Introduction and Overview
I am excited to speak with you today and to share my passion with telehealth. I've been involved with telehealth now for many years and have experienced firsthand how effective it can be as a service delivery model in occupational therapy.
First, I wanted to share a little bit about how my journey in telehealth began. I have been a pediatric occupational therapy practitioner for about 16 years, and my career in pediatrics started in early intervention. I was traveling out to different counties, working with children, and I quickly realized that there was an access barrier for children to get the services that they needed. In addition, my own daughter went through early intervention services (PT, OT, and speech therapy). As a parent, I realized how important and life-changing those services are. The idea that there could be barriers preventing my child from receiving beneficial services propelled me to want to explore a solution.
About that same time, I was working on my doctorate degree. While taking classes, it was common practice for us to connect with our professors remotely through video conferencing technologies. I was amazed at how quickly you forget that you are communicating through technology. You see the other person and you are just having a conversation. I started thinking about the fact that many of the services we provide in early intervention do not require us to physically touch the child. It involves a lot of education and empowerment, and teaching the caregiver how to engage the child and to implement therapeutic strategies into their daily routines. It just made sense to me that these interventions could be done using some of these technologies, particularly in the instances where children might not otherwise have any other access to OT services.
That's how my journey started. I was fortunate to get a community-based grant from the Foundation for a Healthy Kentucky. That grant launched my whole path into investigating telehealth, and becoming an advocate for its use in occupational therapy. I was able to write up the early work that I did around the pilot developing a telerehabilitation program, implementing it, and evaluating it. Since then, I have been able to build on that early work.
More recently, I've had a wonderful opportunity to get back on the front lines of telehealth, working with school-aged children. Again, my early work was in early intervention (birth to three), and so it was a newer experience for me to then work with older children using telehealth technologies. I quickly found that it works equally well with this age group. Rather than coaching the parents, as I did with the early intervention model, I find that I'm doing a lot of direct intervention with the school-aged children.
There are many digital tools and resources available to occupational therapy practitioners. When I'm engaging children with handwriting curriculums, I have been using the Handwriting Without Tears materials and the digital teaching tools that are available. I can pull up on my screen the animation of letter formations so that the child will have a visual model with the words.
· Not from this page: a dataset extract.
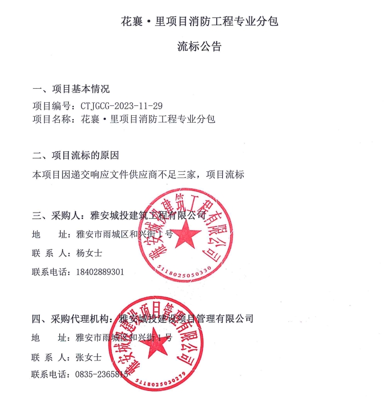 花襄·里項(xiàng)目消防工程專(zhuān)業(yè)分包流標(biāo)公告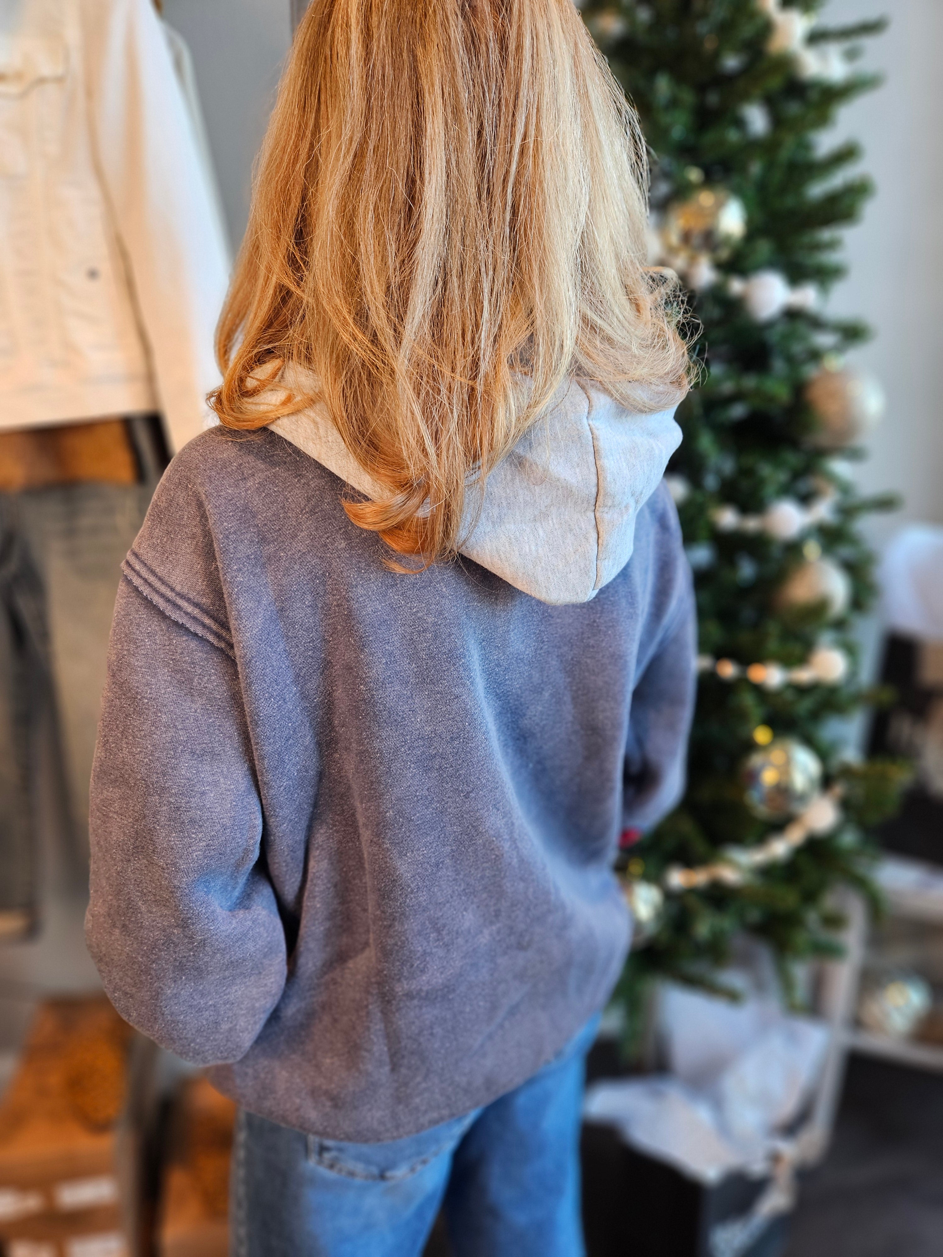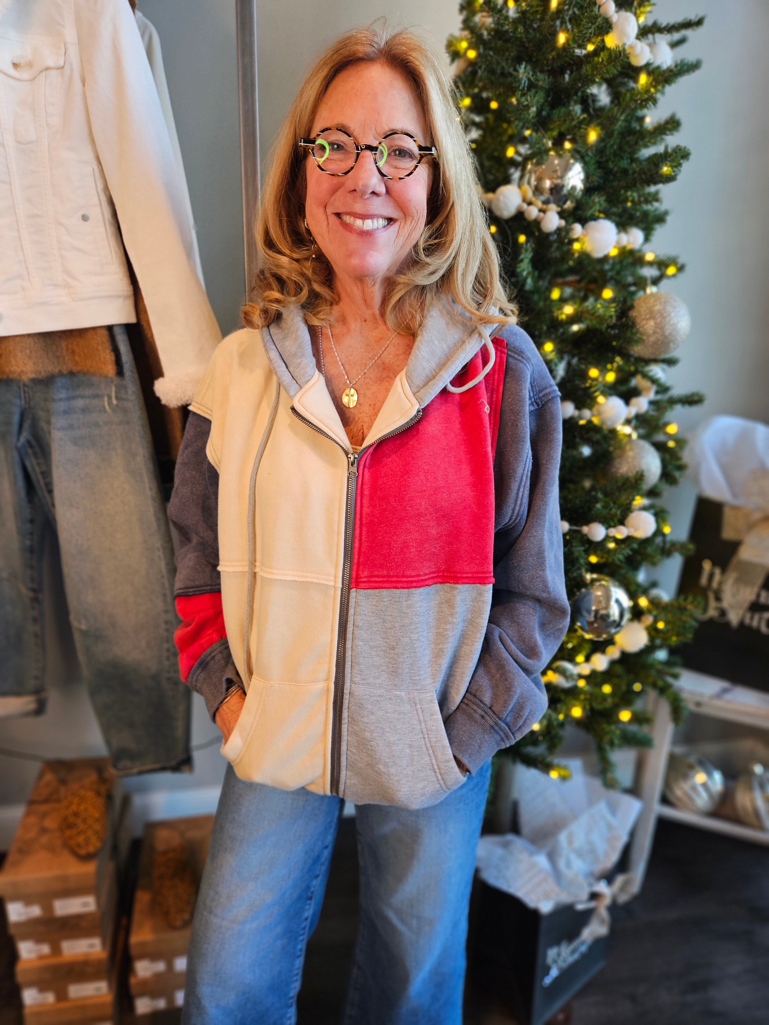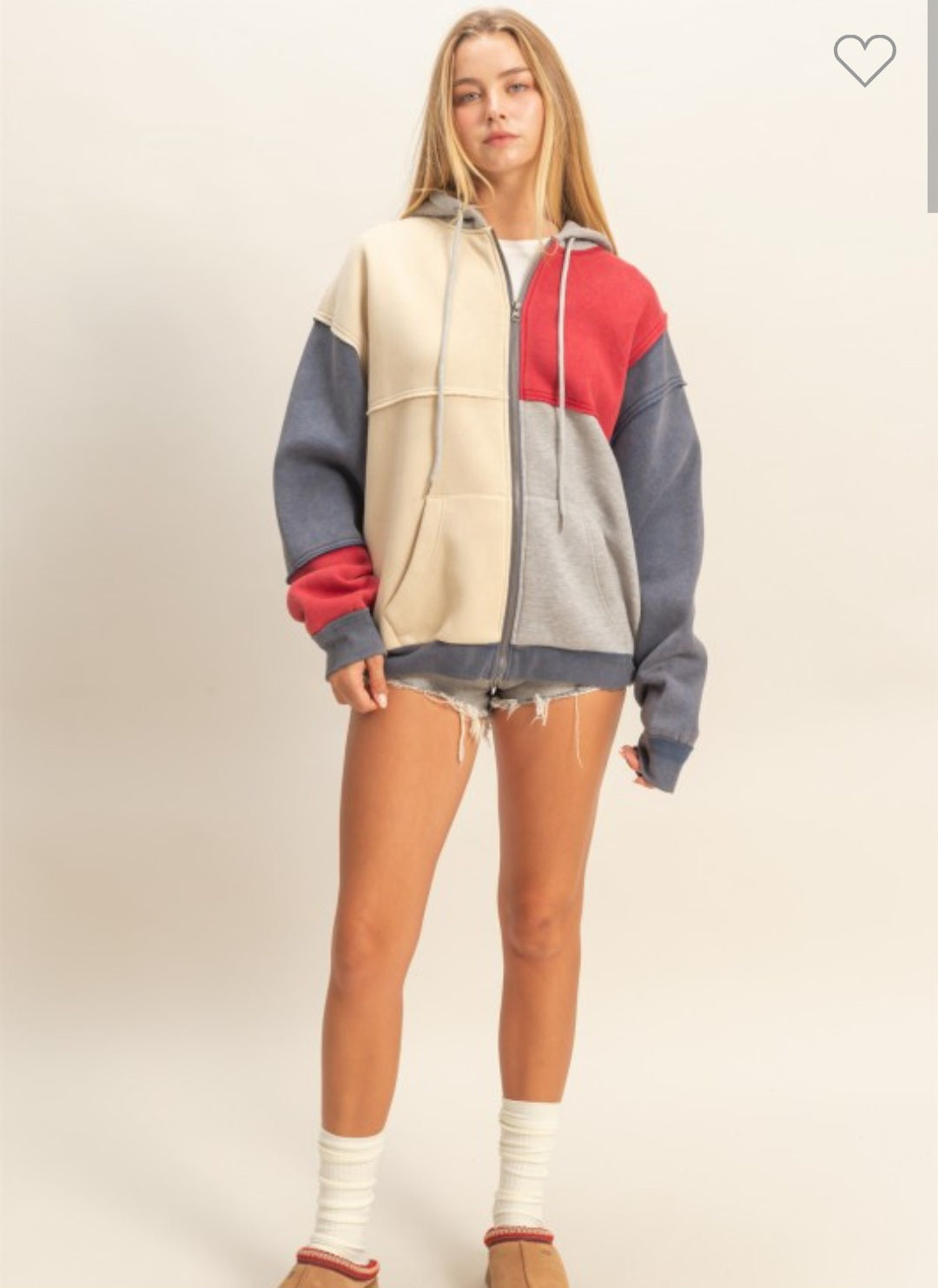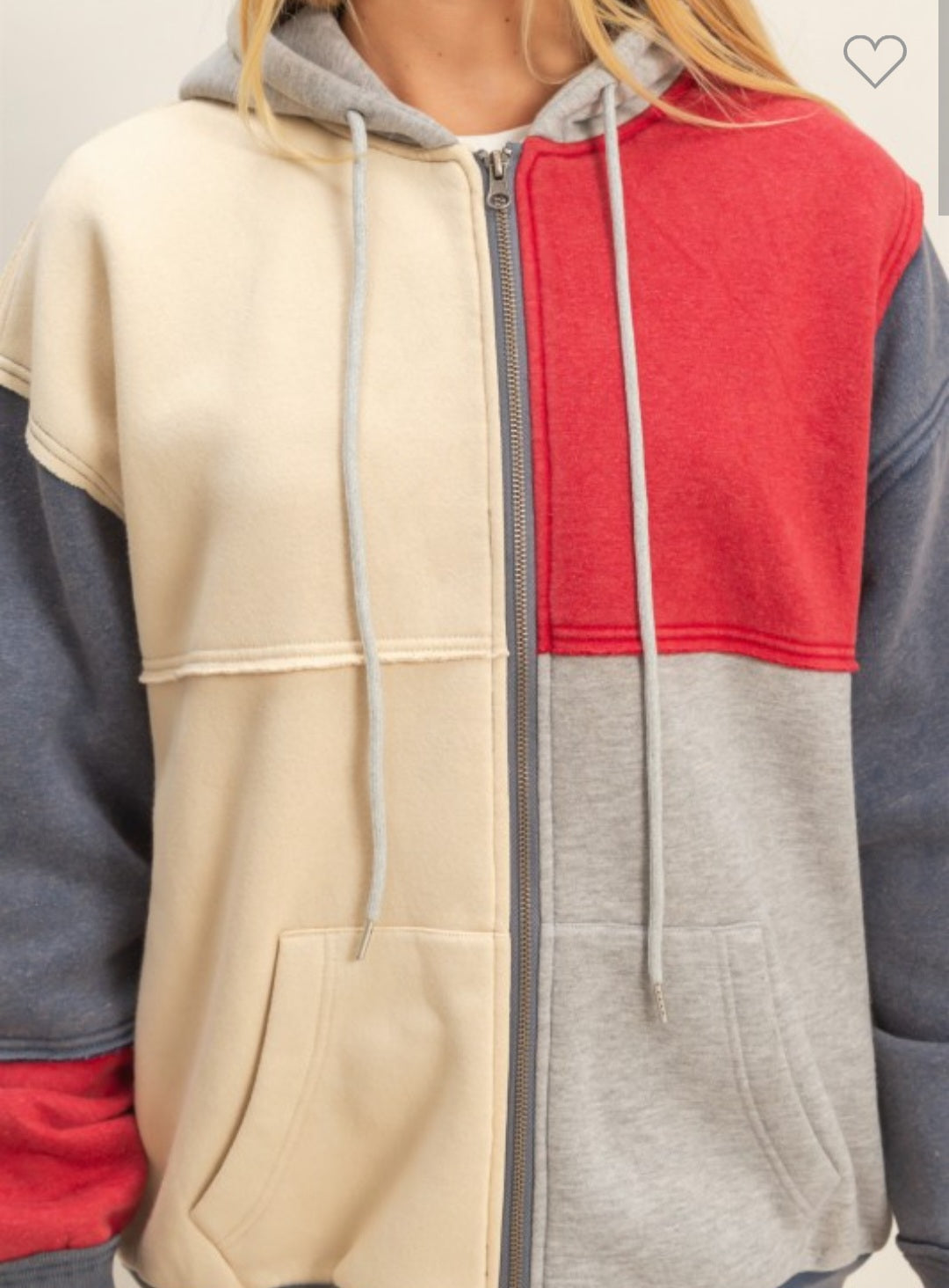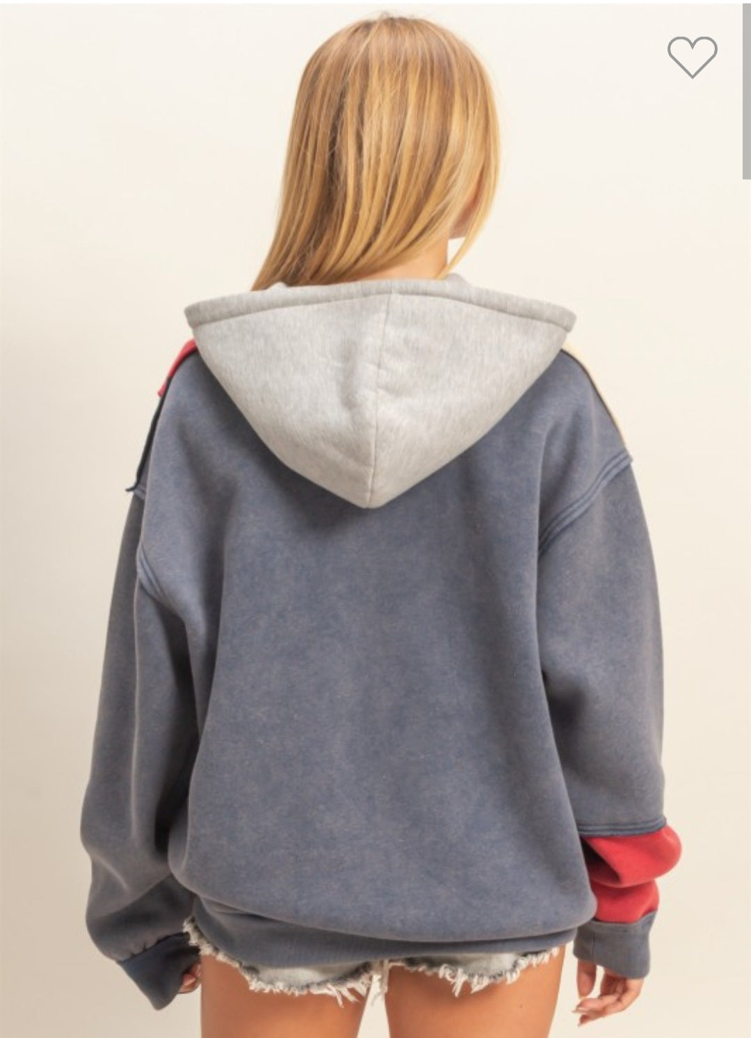 Layer up in style with this navy color block sweatshirt—the perfect blend of comfort and cool. Featuring a full zip front for easy on-and-off, practical pockets to stash your essentials, and a cozy hood to keep you warm, this piece is ready for everything from casual hangouts to outdoor adventures. The color-blocked design adds visual interest while keeping things effortlessly chic.

These digital resources create a rich intervention environment with the children.
I'm also finding terrific applications with evaluation. Many publishers are starting to develop online assessments for OT practitioners. One of the assessments that I've been using is through the publisher's HIPAA compliant platform. The families can complete the questionnaire, autoscore it and generate a report through the publisher’s platform. Other publishers are doing the same. The Sensory Profile 2 has also been developed so that it can be administered online. I think we're going to see more of that in the future with publishers not only developing assessment tools that are administered online, but also tools that can be conducive to a telehealth delivery model.
In short, I'm finding that many activities that I would do in person with my clients, I have been able to, with the help of a parent or a caregiver or a teacher on the other end, implement those same interventions remotely and have very successful therapy encounters.